SGB, what do you mean by 'institutionally bigoted'? Are you not referring to what's written in the holy books of each religion? Is there some other foundation of these religions which you're referring to that I'm not aware of?

"most of the time initiatives to give more people more human rights or improve the sum of human knowledge have tended to be vigorously opposed by the myth-peddling institutions, all of which benefit from a hiercarchical status quo." - this sounds very much like it's just your biased opinion - could you give actual details? And while you're at it, perhaps you'd like to refer to the involvement of religious individuals and institutions in movements such as the abolition of slavery and Jubilee 2000, to name but two. Or did you conveniently blank those out?

Institutions are established by human beings. I'm sure I don't need to go again through the argument about how human beings do crap stuff because we're human.

I am not arguing by any stretch of the imagination that believers are 'better' than non-believers or somehow more forgivable when they stuff things up. Since I know my faith far better than you do, I have a far deeper and broader understanding of just how badly Christians mess up time and time again - as individuals and within institutions, and I've talked a bit about it here.
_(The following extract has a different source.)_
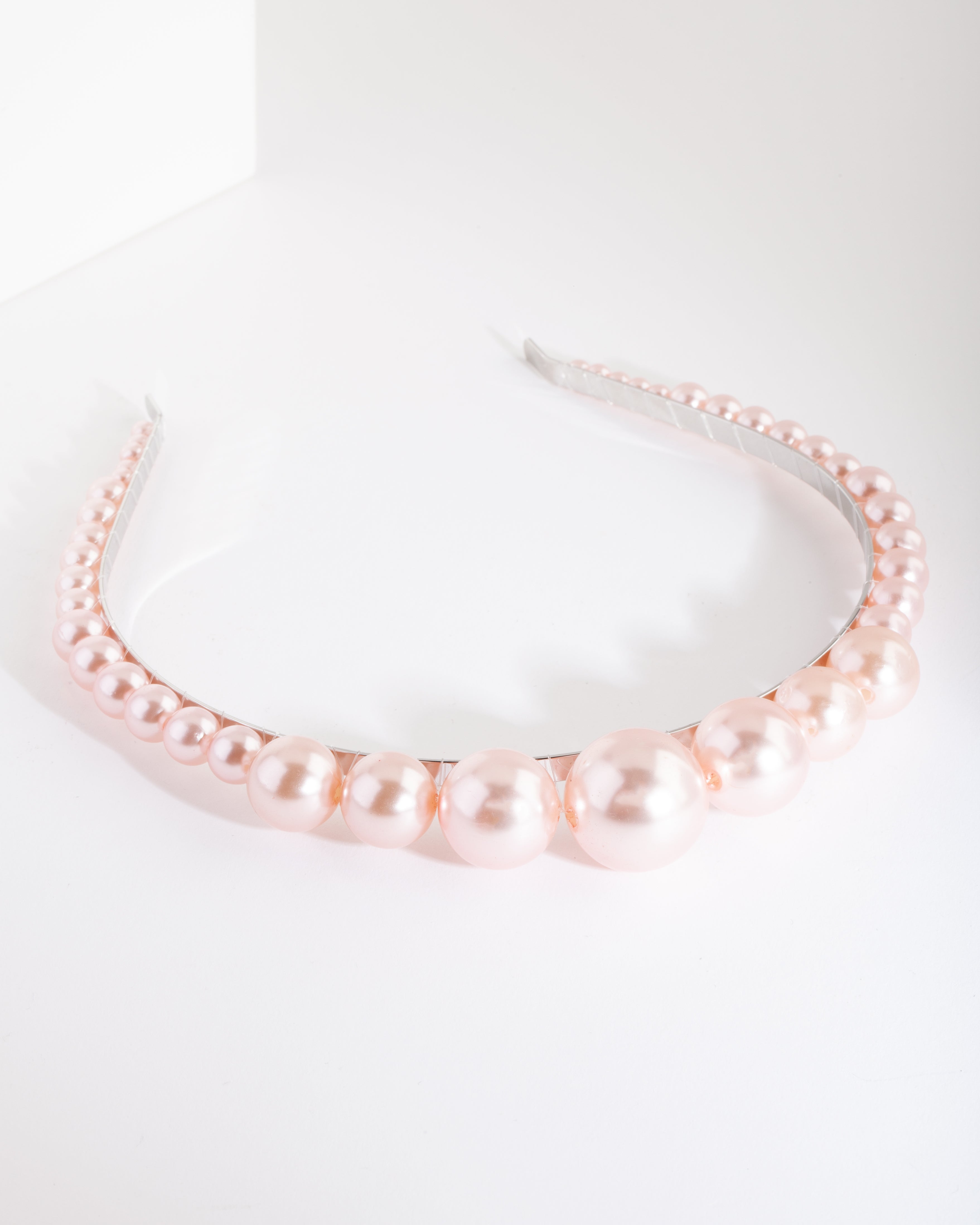 Elevate your look with this silver-toned blush pearl graduated ball headband.

But your argument is still, and has consistently remained totally one-sided, and largely based on rhetoric. So you make it very hard to regard your opinions as anything but bigoted, and therefore very hard to give your opinions the credence that you want.

alwayslookingforanswers · 23/11/2009 14:55

"No one is advocating that the believers all be fired from jobs for having opinions unless they act on those opinions in a way that adversely affects their jobs (harassing unbelievers in work time, for instance, or refusing to undertake certain tasks.)"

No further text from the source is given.